Could I have some guidance so I can research and practice exactly what I need to solve a problem like this?
Features
The first thing you'll need to do is decide what information you'll use as evidence to classify a user's prediction as being accurate or not. For example, you could start with simple stuff like the identity of the user making the prediction, and their historical accuracy when making predictions on the same or similar goods. This information will be provided to downstream machine learning tools as features that will be used to classify the users' predictions.
Training, Development, and Test Data
You'll want to split your 100k historical examples into three parts: training, development, and test. You should put most of the data, say 80% of it, in your training set. This will be the dataset you use to train your prediction accuracy classifier. Generally speaking the more data you use to train your classifier the more accurate the resulting model will be.

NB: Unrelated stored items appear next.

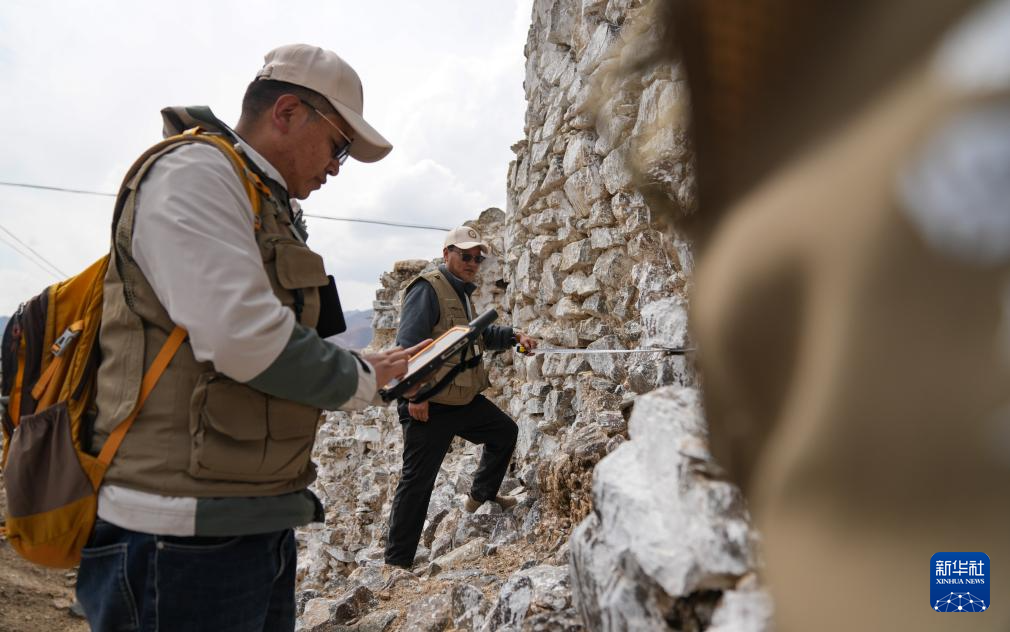 4月11日,普查人員在曲果崗塔群遺址現(xiàn)場(chǎng)開展數(shù)據(jù)采集。新華社記者 晉美多吉 攝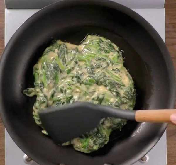 锅内烧热,放入油,晃晃锅使锅底都沾上油,倒入菠菜蛋糊,中小火煎成型后,用筷子辅助铲子翻面,再煎一会儿使面糊熟透,两面金黄。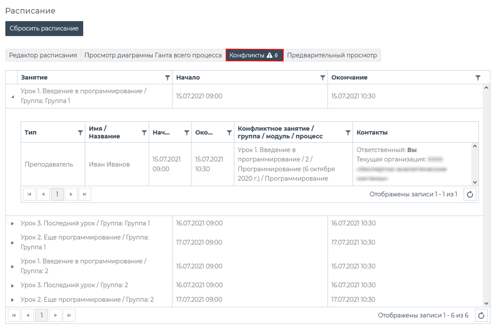 Конфликты в расписании
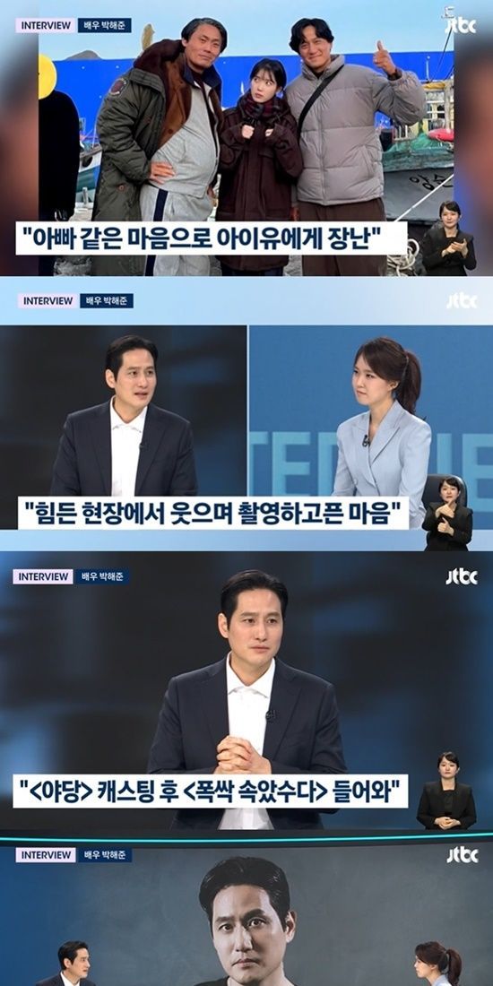 앞서 아이유가 박해준에 대해 '현장에서 너무 유쾌하고 만날 때마다 늘 개그를 건네셨다'고 말한 부분이 언급되자 박해준은 "현장에서 아빠 같은 마음으로, 그냥 좀 '웃는 얼굴 한 번 봐야지' 하는 심정으로 장난을 쳤었다"고 고백했다.

The two other data sets, development and test, will be used to evaluate the performance of your classifier. You'll use the development set to evaluate the accuracy of different configurations of your classifier or variations in the feature representation. It's called the development set since you use it to continuously evaluate classification performance as you develop your model or system.
Later, after you've built a model that achieves good performance on the development data, you'll probably want an unbiased estimated of how well your classifier will perform on new data. For this you'll use the test set to evaluate how well the classifier does on data other than what you used to develop it.
Classifier/ML Packages
After you have your preliminary feature set and you've split the data into training, development, and test, you're ready to choose a machine learning package and classifier. A few good packages that support numerous types of classifiers include:
Which classifier you should use depends on many factors including what kind of predictions you'd like to make (e.g., binary, multiclass), what kinds of features you'd like to use, and the amount of training data you want to use.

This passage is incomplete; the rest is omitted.